Abstract
Non-adherence is common in people with rheumatoid arthritis (RA). According to the ‘necessity-concerns framework’, beliefs about the necessity and concerns about prescribed medications influence adherence. The present study’s objective was to investigate whether depression moderates associations between beliefs about medicines and adherence among people with physician-diagnosed RA in a longitudinal study (N = 361; 31% male, mean age [SD] 60.2 [13.4]). Adherence (adherent vs non-adherent; MARS), beliefs about medicines (BMQ), and depression (HADS) were assessed at baseline, 3- and 12-month follow-up. Multivariate logistic regression models were calculated (predictors: necessity/concerns, depression; outcome: adherence). Two-thirds of patients were non-adherent. No significant interactions were found between necessity/concerns and depression. Contrary to previous cross-sectional research, we did not find evidence for a moderating role of depression in associations between beliefs about medicines and adherence. Possible moderating effects of depression might be less robust than previously thought and therefore harder to detect in longitudinal analyses.
Keywords
Background
Rheumatoid arthritis (RA) is a chronic autoimmune disease characterized by an often progressive course. Patients with RA suffer from pain, joint swelling, limited mobility, associated disability and reduced health-related quality of life (Di Matteo et al., 2023; Smolen et al., 2018). Although pharmacological treatment is effective, non-adherence is prevalent in patients with RA. Estimates of the extent of non-adherence vary between 10% and 90% (Anghel et al., 2018; Scheiman-Elazary et al., 2016; van Den Bemt et al., 2012).

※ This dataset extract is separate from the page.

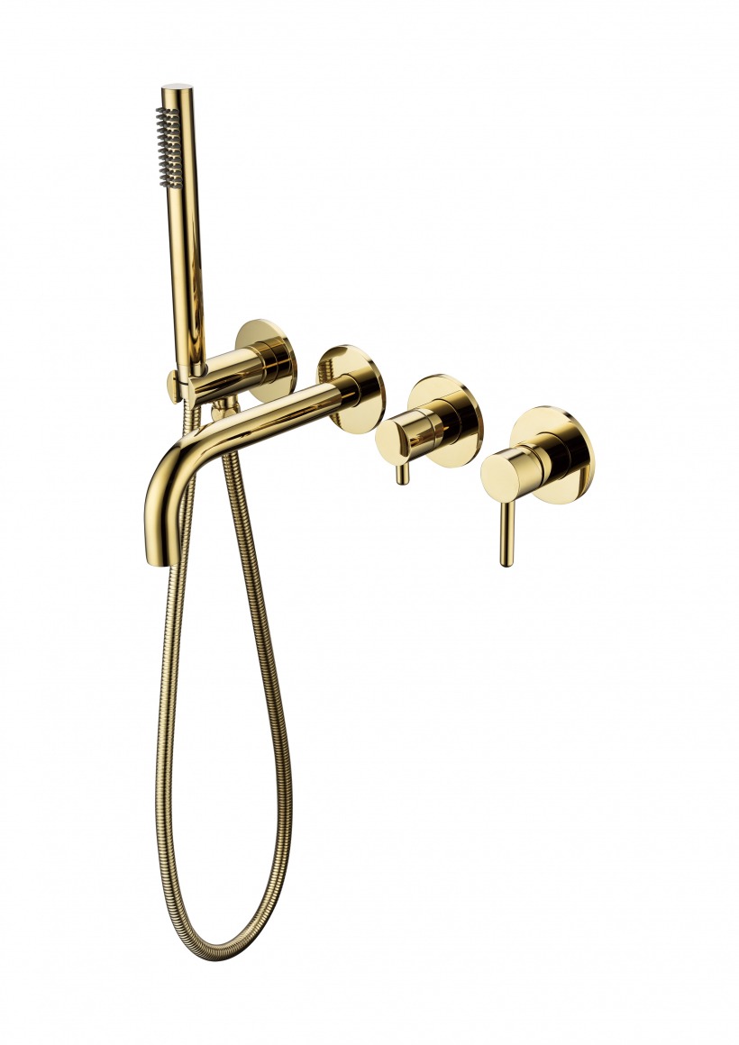 Смеситель для ванны Grocenberg GB5070GO с душевым гарнитуром, материал латунь, цвет золото.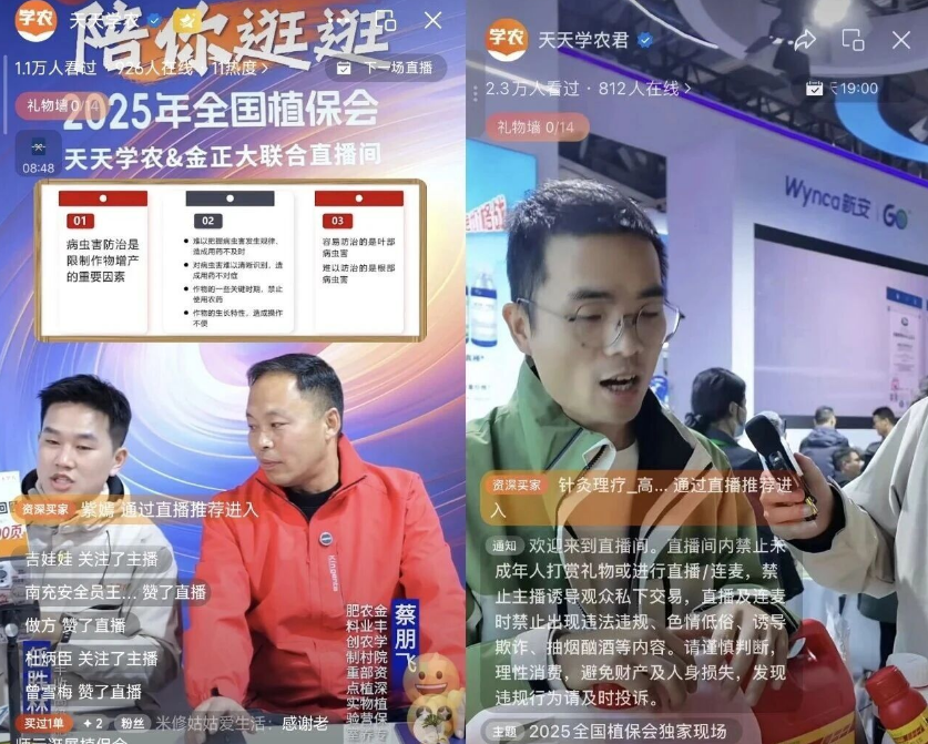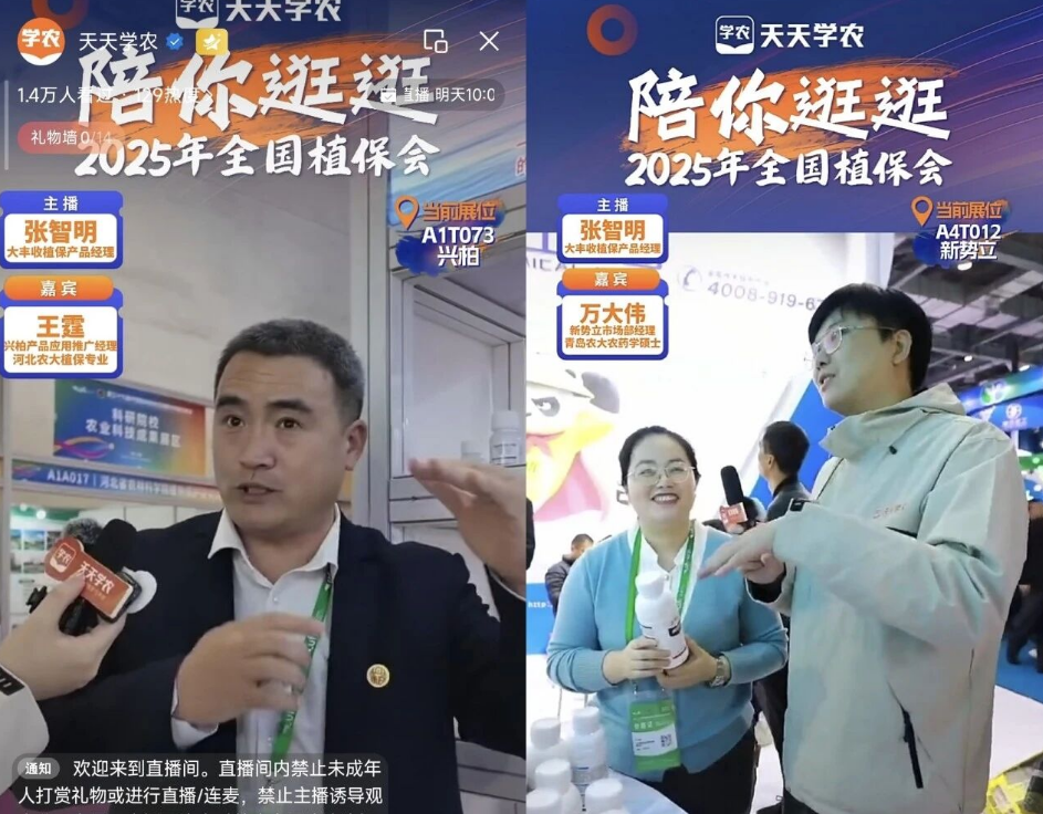 本次植保双交会,不仅汇聚了农资行业前沿技术与趋势洞察,更迎来了一场颠覆传统的专业直播——天天学农联合金正大等头部农资厂家,携手多位行业大咖及权威植保专家,凭借权威嘉宾阵容、全链条行业互动及科技赋能创新,构建起线上线下深度融合的行业交流新场景。

The ‘necessity-concerns framework’ (Horne and Weinman, 1999) explains non-adherence in terms of beliefs about medicines, that is, patients’ beliefs about (a) the necessity of their prescribed medications to maintain their health and (b) their concerns about potential side effects. This association between beliefs about ones’ prescribed medication and adherence is empirically well established: Several reviews on the causes of non-adherence in the treatment of RA have identified patients’ beliefs about the necessity of medication as well as patients’ concerns consistently as relevant patient-centred factors associated with non-adherence (Chowdhury et al., 2022; Horne et al., 2013; Pasma et al., 2013).
An important area of research is the investigation of the way in which the association between beliefs about medicines and adherence behaviour may be influenced by patient characteristics, such as the presence of co-morbidities. This way, interventions to improve adherence in RA patients can be better tailored towards patients’ needs.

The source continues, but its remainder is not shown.